▶ [HOW TO COMPLETE THIS TASK] Without the pictures, output the records below word for word.

BEGIN DATA EXTRACTS

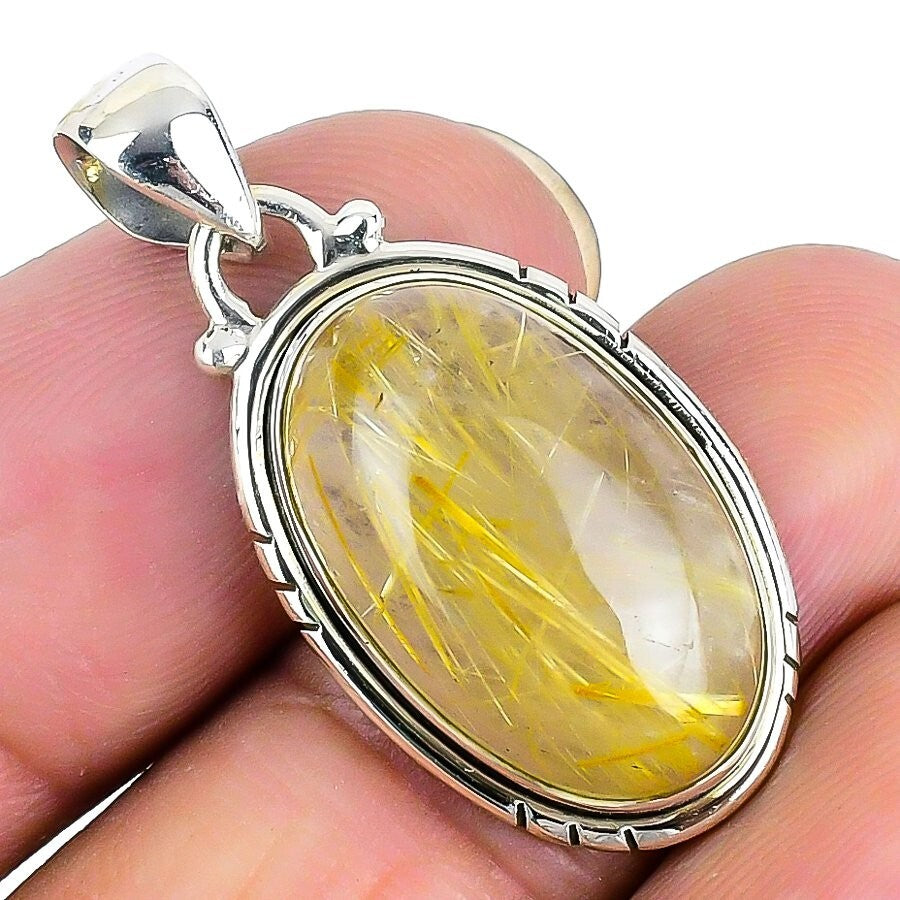 Golden Rutile Stone Sterling Silver Memorial Day Daughter Bezel Pendant Jewelry
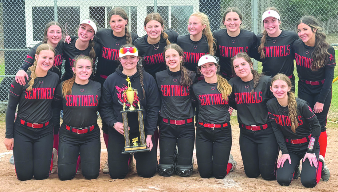 The Marquette Senior High School softball team poses with its championship trophy after winning the Laker Invitational held in Maple City and hosted by Glen Lake High School on Saturday. The Sentinels won both their games in five innings, defeating Norway 11-0 and host Glen Lake 20-11. (Photo courtesy Dana Swajanen)
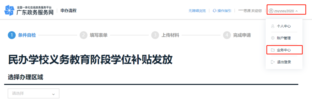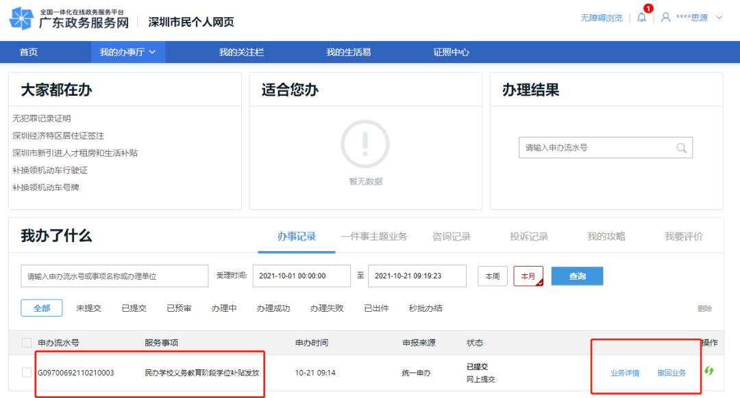 在申办页面右上角点击账号下拉菜单“业务中心”,可查看已提交申请的“业务详情”进行“撤回业务”操作。
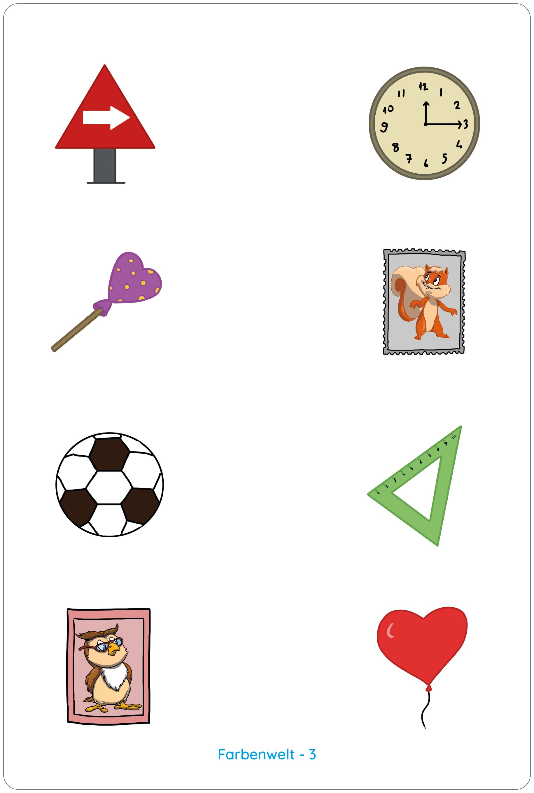 - Connect the illustrations on the left side of the card to the matching pictures on the right by stretching the rubber bands over the wooden pegs.
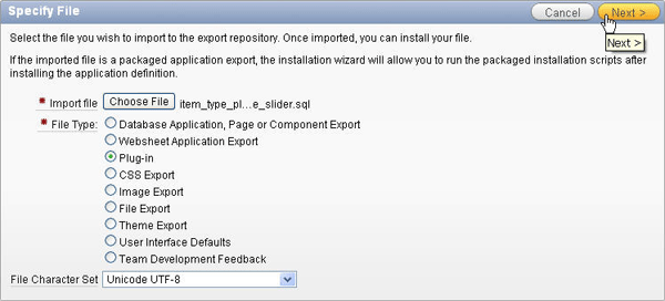 Click the Choose File button to locate the file. Select the item_type_plugin_com_oracle_slider.sql file in the files directory and click Open.

END DATA EXTRACTS

▶ [EXPECTED OUTPUT]
 Golden Rutile Stone Sterling Silver Memorial Day Daughter Bezel Pendant Jewelry
 The Marquette Senior High School softball team poses with its championship trophy after winning the Laker Invitational held in Maple City and hosted by Glen Lake High School on Saturday. The Sentinels won both their games in five innings, defeating Norway 11-0 and host Glen Lake 20-11. (Photo courtesy Dana Swajanen)
 在申办页面右上角点击账号下拉菜单“业务中心”,可查看已提交申请的“业务详情”进行“撤回业务”操作。
 - Connect the illustrations on the left side of the card to the matching pictures on the right by stretching the rubber bands over the wooden pegs.
 Click the Choose File button to locate the file. Select the item_type_plugin_com_oracle_slider.sql file in the files directory and click Open.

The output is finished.